Phillips was left with the urge to have people see the film, so he decided to go the on-demand route with Vimeo.

“We were lucky to have this option,” he says. “I’ve helped other people make films all my life. This is the first time I step out to write and direct. It’s been a journey of more than 10 years and plenty of false starts.”

“Between Wars” takes an intimate look at the struggle of reentering civilian life after combat.

It follows Marine veteran Franny Malloy of the Bronx, played by Shaun Paul Costello, as he struggles with integrating himself back into civilian life after duty in Afghanistan.

Battling PTSD and self-destructive behaviors, he finds his only hope in Marine-turned-PTSD-psychologist Sarge, played by Michael Imperioli. Punk legend Harley Flanagan plays McManus, old school Bronx Irish gangster and general madman.

Writer/director Tom Phillips (Courtesy of Between Wars Film)

“Working with Tom is exactly what independent filmmaking should be.

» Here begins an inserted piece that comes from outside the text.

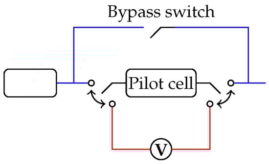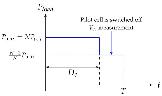 The main purpose of the proposed semi-pilot cell (SPC) FOCV approach is to reduce the power loss in comparison to the conventional FOCV method. The semi-pilot cell is integrated into the PV array and delivers power to the load as other PV cells. However, unlike the other cells, the semi-pilot cell can be disconnected from the PV array in order to measure the open-circuit voltage. The semi-pilot cell operation cycle can be divided into two stages. During the first stage (supply period), there are no measurements of the open circuit voltage and the semi-pilot cell supplies power to the load. During the second stage (measurement period), the semi-pilot cell is disconnected from the array, and the open-circuit voltage is measured, as shown in Figure 3. during this stage the semi-pilot cell is bypassed by a switch, which can be implemented by a MOSFET as shown in Figure 4.
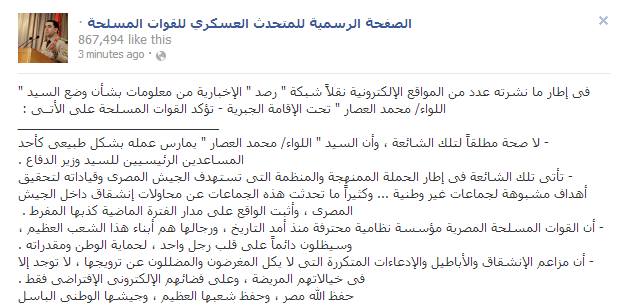وقد نشرت "رصد" الخبر مرفقا بصورة من تدوينة عماد السيد حسبما أورده على صفحته الشخصية، ورد المتحدث العسكري بالقول إنه "لا صحة مطلقًا إلى تلك الشائعة التي تناقلتها عدد من المواقع الإلكترونية عن شبكة " رصد" الإخبارية في إطار حملة ممنهجة للاستهداف بالجيش وقياداته"، على حد قوله.

Hit the ground running, roaming the streets, stealing shots, running and gunning,” Imperioli says in a statement. “It’s as far away from Hollywood as you can get and that’s the way we like it. All passion, inspiration, and fearlessness. Tom is as indomitable and tenacious as they come and that’s what it takes to make a truly independent movie … without a studio, on a shoestring budget, and defying the odds.”

The film was shot in nine days.

The crew worked 15-hour days and nights.

“It’s a very low-budget independent film,” Phillips says. “Everything we did was raw and gritty.”

Phillips says the screenplay, although optioned by Hollywood, sat on a shelf for nearly two years.

At the same time, co-writer and friend Joe Panebianco was diagnosed with Lou Gehrig’s disease, also called amyotrophic lateral sclerosis, or ALS, which he continues to fight.

This heartbreaking situation fueled Phillips’ resolve to shoot the film himself.

“As an artist, I knew breaking rules was imperative for this story,” Phillips says. “In fact, the more rules the artists involved wanted to break, the more dynamic the story became. Anyone who came to work on this project learned very quickly that this was a different flow and the players were creating something different – allowing the actors on set to explore their ideas and use it in a way that would vibrate through the screen into the soul of the audience was the intention.”